在github上有两个分析redis rdb文件的开源工具redis-rdb-tools,rdr。redis-rdb-tools用于分析所有key及占用空间;rdr能够分析出所有key但是没法计算key占用空间,不过额外提供图形化界面。
安装介绍
Rdbtools is a parser for Redis' dump.rdb files.
The parser generates events similar to an xml sax parser, and is very efficient memory wise.

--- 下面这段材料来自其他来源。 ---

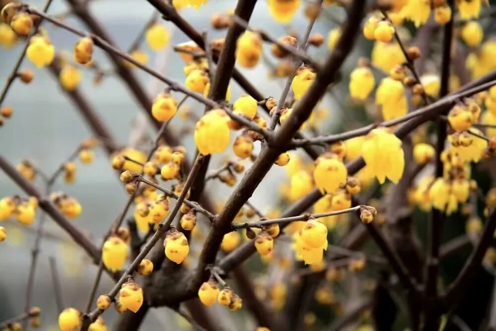 嫩黄的蜡梅花缀满枝头,

In addition, rdbtools provides utilities to :
1. Generate a Memory Report of your data across all databases and keys
2. Convert dump files to JSON
3. Compare two dump files using standard diff tools
Pre-Requisites :
1. python-lzf is optional but highly recommended to speed up parsing.
2. redis-py is optional and only needed to run test cases.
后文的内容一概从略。